=== WORK REQUEST ===
For the records below, please print exactly and only the lines from the one with "2.3. Identification of miRNA-Influenced DEGs" down to the one with "Однокомнатная квартира на", both ends included, omitting the pictures.

=== RAW DATA ===
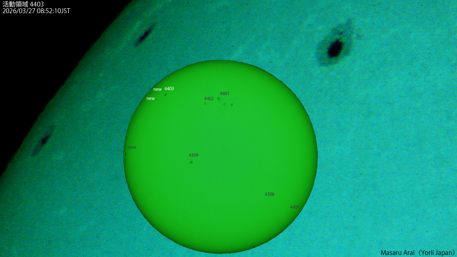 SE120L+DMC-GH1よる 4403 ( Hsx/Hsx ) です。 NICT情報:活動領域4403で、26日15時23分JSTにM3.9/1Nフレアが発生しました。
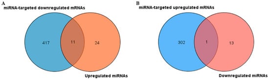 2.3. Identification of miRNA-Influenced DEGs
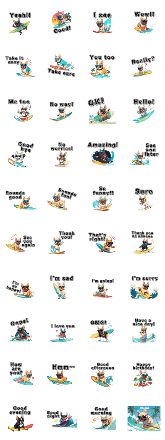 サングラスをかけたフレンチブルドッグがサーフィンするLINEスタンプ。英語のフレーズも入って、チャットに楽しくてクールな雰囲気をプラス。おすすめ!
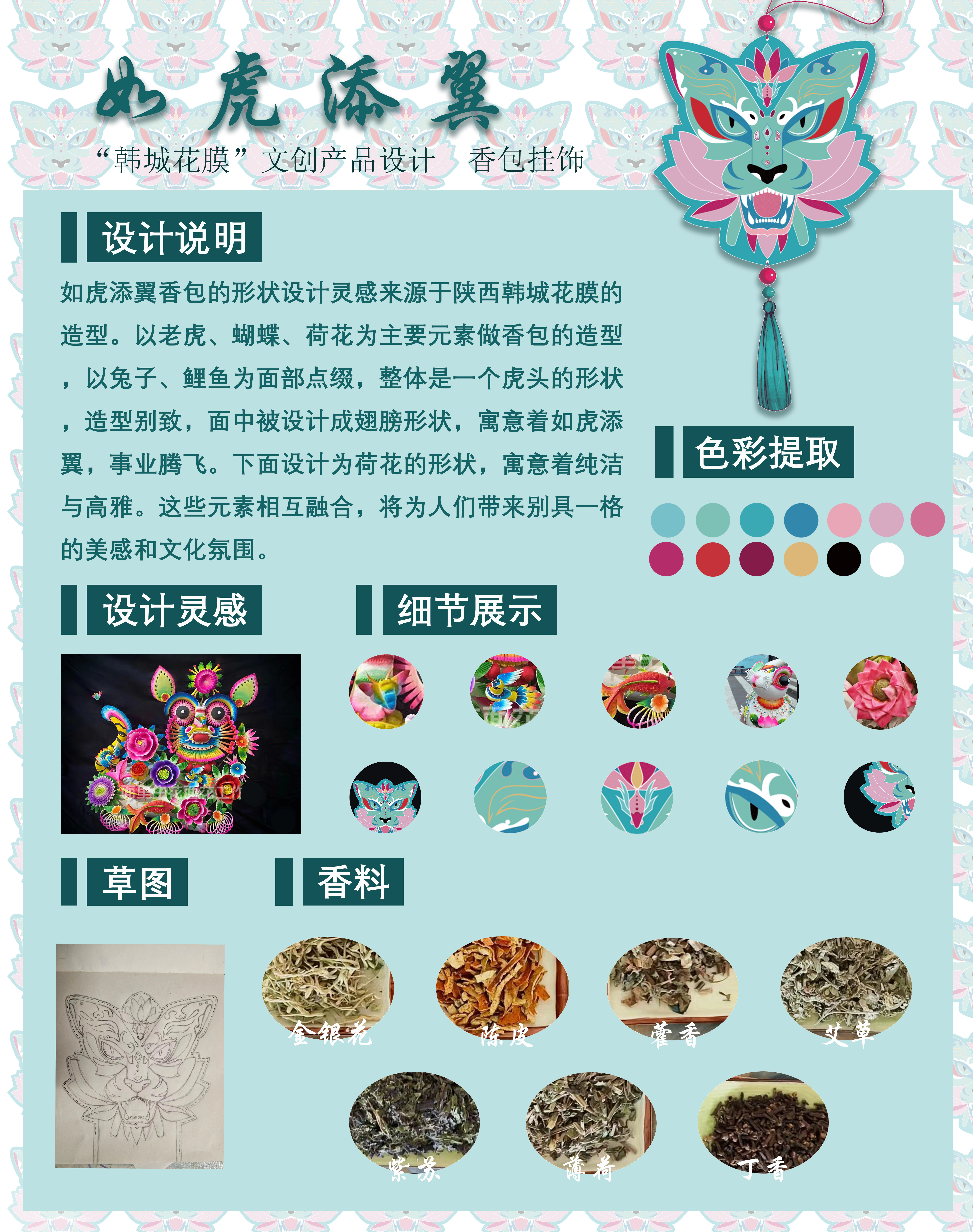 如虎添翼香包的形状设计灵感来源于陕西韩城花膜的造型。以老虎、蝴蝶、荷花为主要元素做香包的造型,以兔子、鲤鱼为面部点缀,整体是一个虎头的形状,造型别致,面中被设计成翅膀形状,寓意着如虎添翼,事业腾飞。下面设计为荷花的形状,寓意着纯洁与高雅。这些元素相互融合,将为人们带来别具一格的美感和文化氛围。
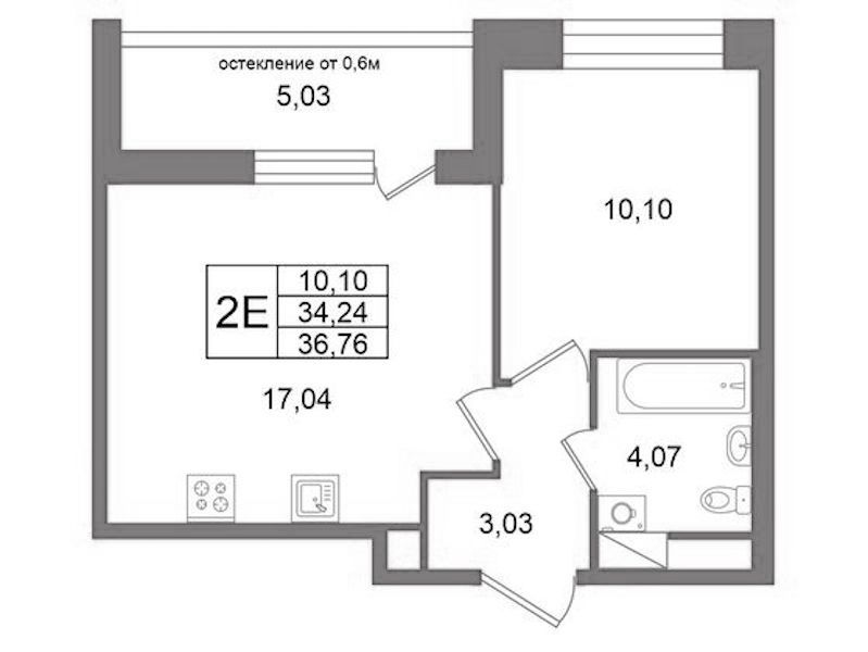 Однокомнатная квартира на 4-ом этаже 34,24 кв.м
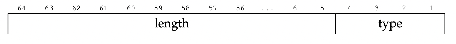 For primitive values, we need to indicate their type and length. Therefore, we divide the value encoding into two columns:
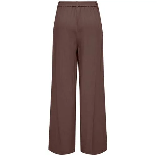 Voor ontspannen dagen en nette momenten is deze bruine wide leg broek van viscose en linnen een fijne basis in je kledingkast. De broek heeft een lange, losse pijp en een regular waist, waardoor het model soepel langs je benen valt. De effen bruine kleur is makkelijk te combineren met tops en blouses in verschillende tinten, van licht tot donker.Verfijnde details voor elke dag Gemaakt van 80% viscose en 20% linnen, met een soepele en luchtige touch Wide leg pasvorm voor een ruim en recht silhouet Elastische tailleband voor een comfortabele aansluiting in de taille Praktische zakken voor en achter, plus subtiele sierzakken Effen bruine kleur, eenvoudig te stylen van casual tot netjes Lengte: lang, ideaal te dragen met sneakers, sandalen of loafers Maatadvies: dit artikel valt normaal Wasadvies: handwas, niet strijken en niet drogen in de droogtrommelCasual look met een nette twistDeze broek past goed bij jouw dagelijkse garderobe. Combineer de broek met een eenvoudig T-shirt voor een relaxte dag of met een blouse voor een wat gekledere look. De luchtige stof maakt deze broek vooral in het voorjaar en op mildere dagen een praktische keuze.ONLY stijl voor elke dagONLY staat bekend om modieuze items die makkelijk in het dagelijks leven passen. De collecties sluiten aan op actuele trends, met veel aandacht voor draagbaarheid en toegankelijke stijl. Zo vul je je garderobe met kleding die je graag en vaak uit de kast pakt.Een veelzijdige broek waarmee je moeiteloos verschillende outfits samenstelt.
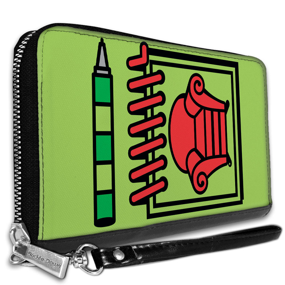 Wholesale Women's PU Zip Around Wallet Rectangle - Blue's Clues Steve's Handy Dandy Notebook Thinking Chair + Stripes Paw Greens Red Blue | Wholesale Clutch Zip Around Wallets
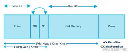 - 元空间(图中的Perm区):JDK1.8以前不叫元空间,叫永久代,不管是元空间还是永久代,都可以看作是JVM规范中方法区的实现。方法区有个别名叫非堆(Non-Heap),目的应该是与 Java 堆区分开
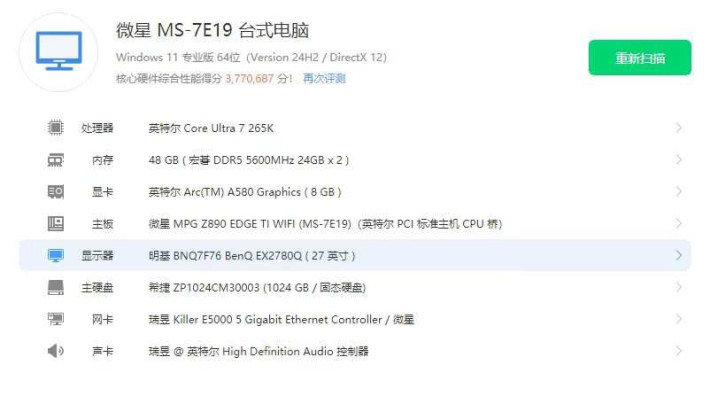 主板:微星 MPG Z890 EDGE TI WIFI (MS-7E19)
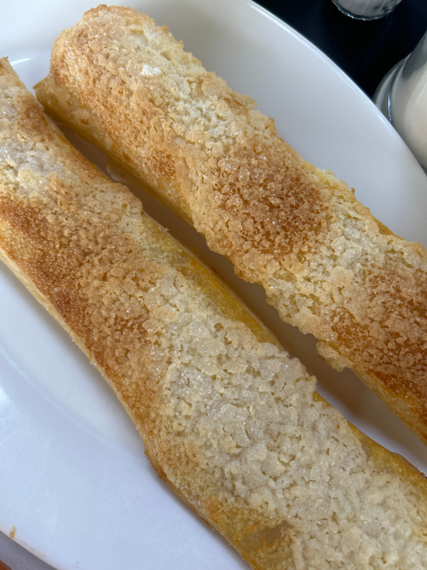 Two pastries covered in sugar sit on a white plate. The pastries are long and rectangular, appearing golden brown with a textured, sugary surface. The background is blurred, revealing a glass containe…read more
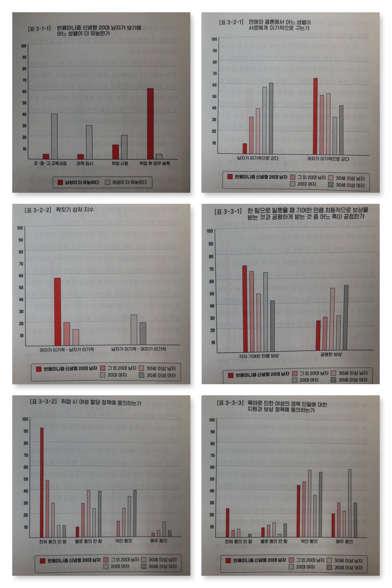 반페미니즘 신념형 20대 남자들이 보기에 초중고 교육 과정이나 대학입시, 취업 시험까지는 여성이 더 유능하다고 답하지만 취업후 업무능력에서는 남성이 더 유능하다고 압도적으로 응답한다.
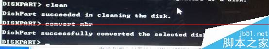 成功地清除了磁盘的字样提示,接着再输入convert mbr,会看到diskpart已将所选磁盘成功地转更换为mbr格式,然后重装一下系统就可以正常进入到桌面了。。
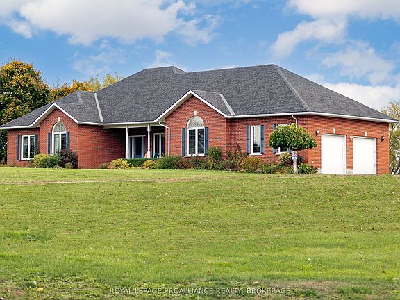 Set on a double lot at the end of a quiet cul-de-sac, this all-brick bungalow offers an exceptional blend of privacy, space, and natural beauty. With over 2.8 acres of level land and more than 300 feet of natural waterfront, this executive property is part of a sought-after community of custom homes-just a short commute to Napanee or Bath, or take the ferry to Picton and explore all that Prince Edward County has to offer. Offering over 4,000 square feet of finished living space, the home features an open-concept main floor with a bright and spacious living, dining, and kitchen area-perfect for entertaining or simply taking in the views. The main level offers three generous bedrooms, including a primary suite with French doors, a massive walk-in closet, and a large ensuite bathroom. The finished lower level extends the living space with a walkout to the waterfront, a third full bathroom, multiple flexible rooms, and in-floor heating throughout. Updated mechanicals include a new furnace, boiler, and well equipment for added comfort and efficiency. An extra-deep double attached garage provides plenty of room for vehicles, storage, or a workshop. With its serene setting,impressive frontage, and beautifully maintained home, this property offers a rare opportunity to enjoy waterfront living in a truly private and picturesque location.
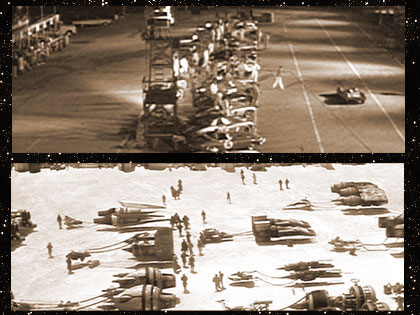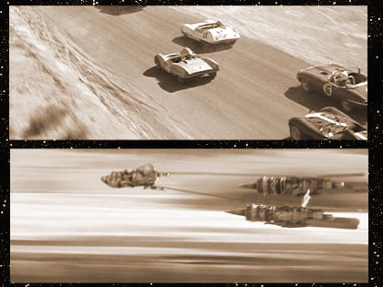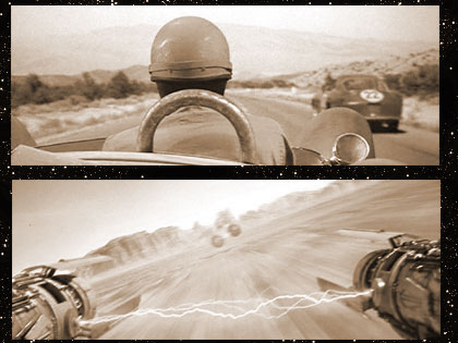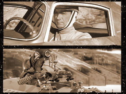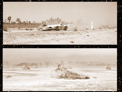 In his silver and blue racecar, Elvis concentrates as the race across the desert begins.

=== RESPONSE BOX ===
 2.3. Identification of miRNA-Influenced DEGs
 サングラスをかけたフレンチブルドッグがサーフィンするLINEスタンプ。英語のフレーズも入って、チャットに楽しくてクールな雰囲気をプラス。おすすめ!
 如虎添翼香包的形状设计灵感来源于陕西韩城花膜的造型。以老虎、蝴蝶、荷花为主要元素做香包的造型,以兔子、鲤鱼为面部点缀,整体是一个虎头的形状,造型别致,面中被设计成翅膀形状,寓意着如虎添翼,事业腾飞。下面设计为荷花的形状,寓意着纯洁与高雅。这些元素相互融合,将为人们带来别具一格的美感和文化氛围。
 Однокомнатная квартира на 4-ом этаже 34,24 кв.м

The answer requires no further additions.